Dataset entries
BEGIN
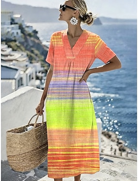 Damen Midikleid Shiftkleid Sommerkleid Urlaub Lässig Strand Täglich Ausgehen Lässiger Schnitt Ombre Grafik Kurzarm V Ausschnitt Blau Rosa Purpur Orange Sommer Frühling
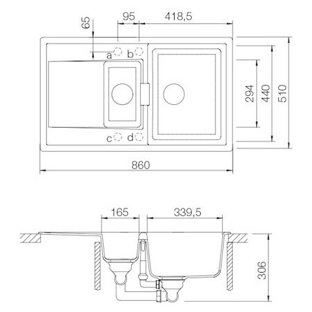 Granitový dřez s vaničkou a odkapem, provedení Stone, otočný, rozměr 860 x 510 mm, vana 339 x 440 x 200 mm a 165 x 294 x 120 mm, spodní montáž, minimálně 60 cm skříňka, s excentrem.
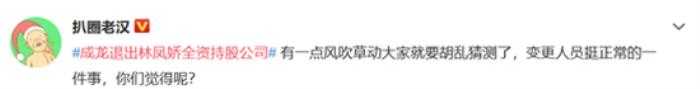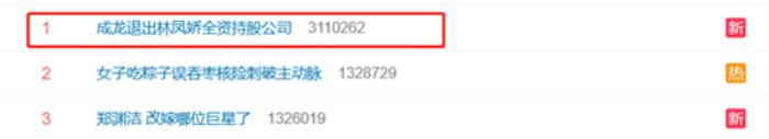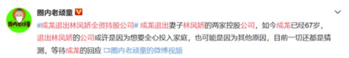 #成龙退出林凤娇全资持股公司#登上微博热搜,引发网友热议。
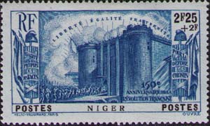 Нигер, 1939, 2.25 fr. + 2 fr. П. металлография. 13 (1/2) х 13. черная и синяя
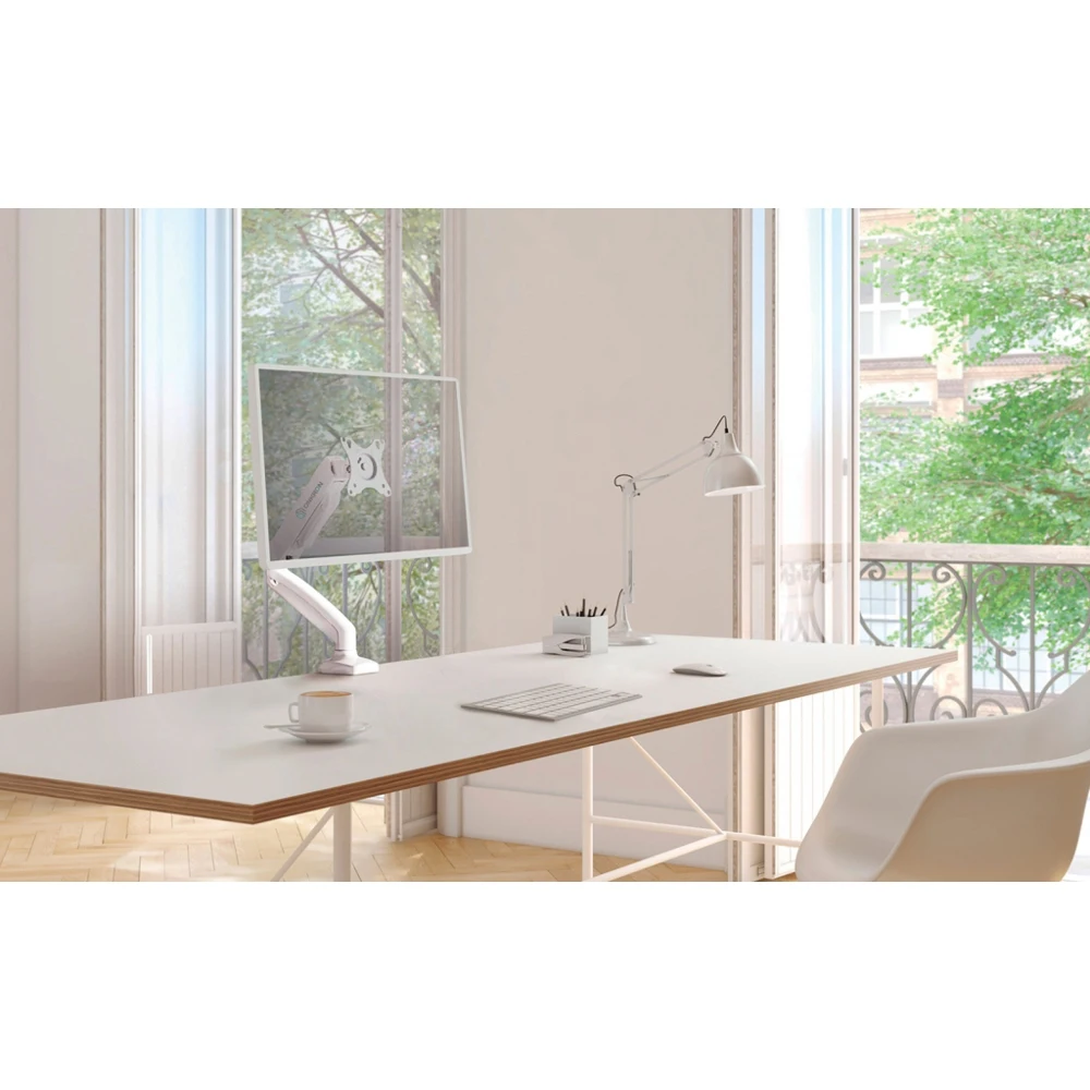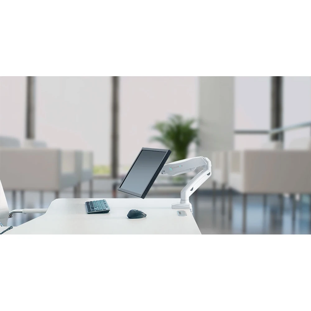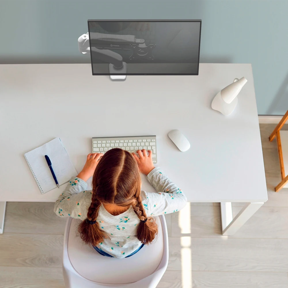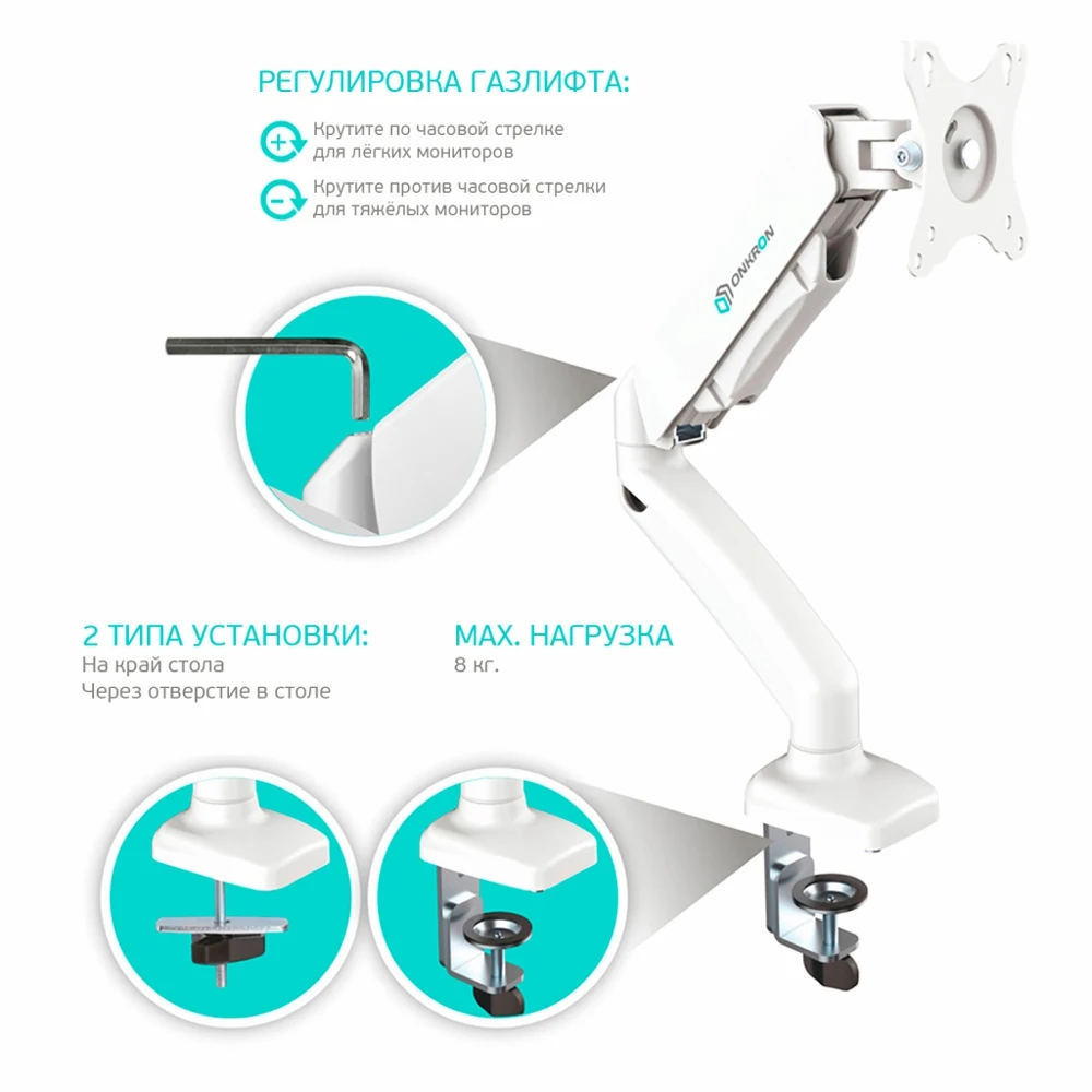 Настольный газлифт. Для экранов 13" ~ 32". Макс. нагрузка 8 кг. Угол наклона -45° ~ +90°. Расстояние от основания 0 ~ 470 мм. Вертикальное перемещение 170 ~ 410 мм. Крепежные отверстия (VESA) 75x75, 100х100 мм. Вращение 360°. Материал алюминий
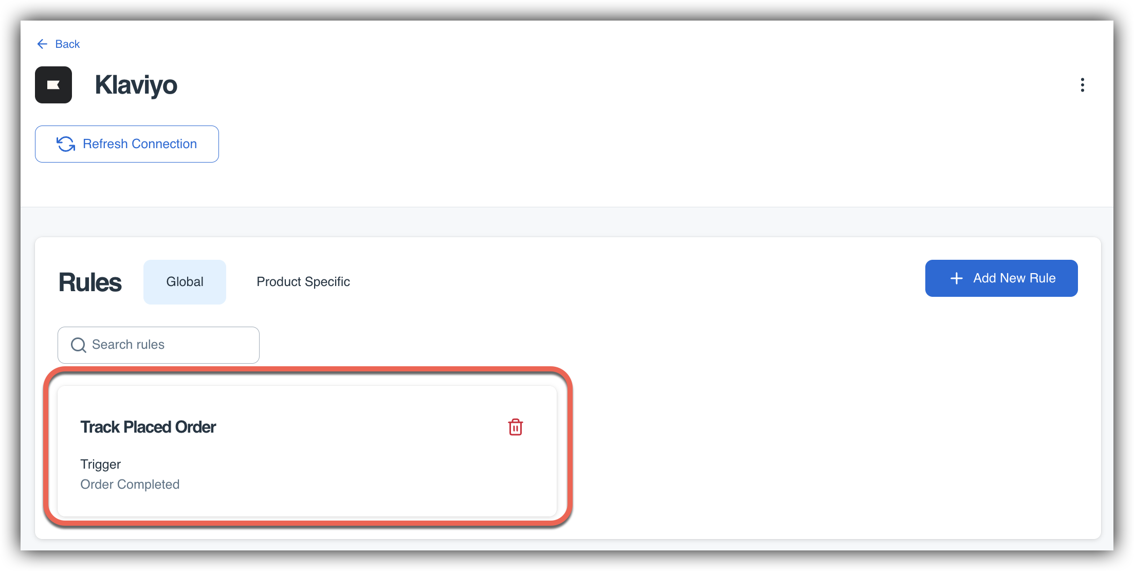 From within the Klaviyo connection in the App Marketplace, click on the + Add New Rule button.
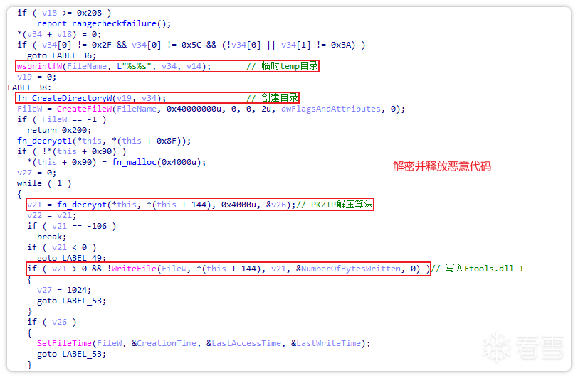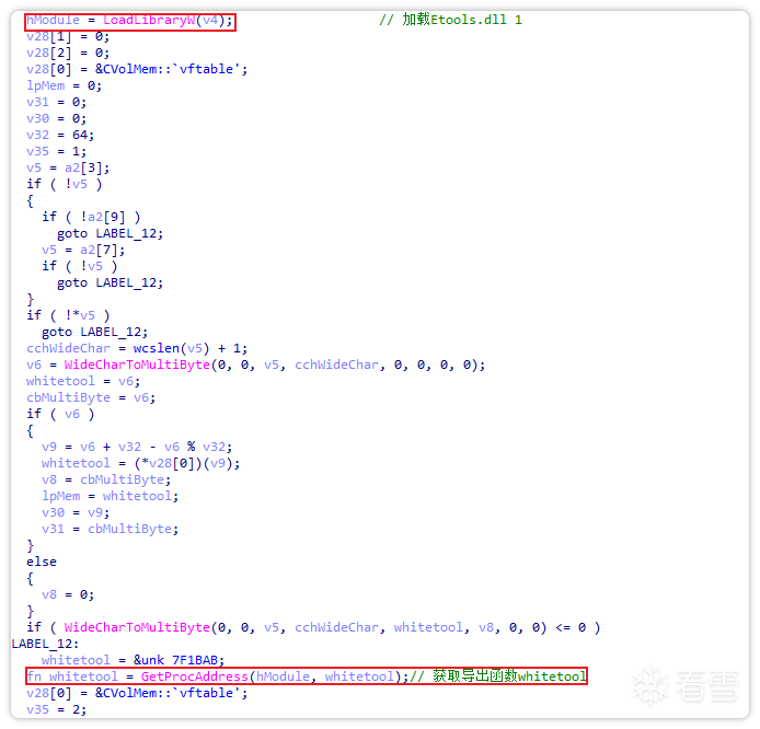 接着,样本利用LoadLibraryA动态加载已解密的Etools.dll1,并调用其导出函数WhiteTool,执行流程如下。
END
### [Task description]
Write out a verbatim copy of the lines from the line that contains "#成龙退出林凤娇全资持股公司#登上微博热搜,引发网友热议。" through the end of the entries above; pictures are not copied.

### [Written response]
 #成龙退出林凤娇全资持股公司#登上微博热搜,引发网友热议。
 Нигер, 1939, 2.25 fr. + 2 fr. П. металлография. 13 (1/2) х 13. черная и синяя
 Настольный газлифт. Для экранов 13" ~ 32". Макс. нагрузка 8 кг. Угол наклона -45° ~ +90°. Расстояние от основания 0 ~ 470 мм. Вертикальное перемещение 170 ~ 410 мм. Крепежные отверстия (VESA) 75x75, 100х100 мм. Вращение 360°. Материал алюминий
 From within the Klaviyo connection in the App Marketplace, click on the + Add New Rule button.
 接着,样本利用LoadLibraryA动态加载已解密的Etools.dll1,并调用其导出函数WhiteTool,执行流程如下。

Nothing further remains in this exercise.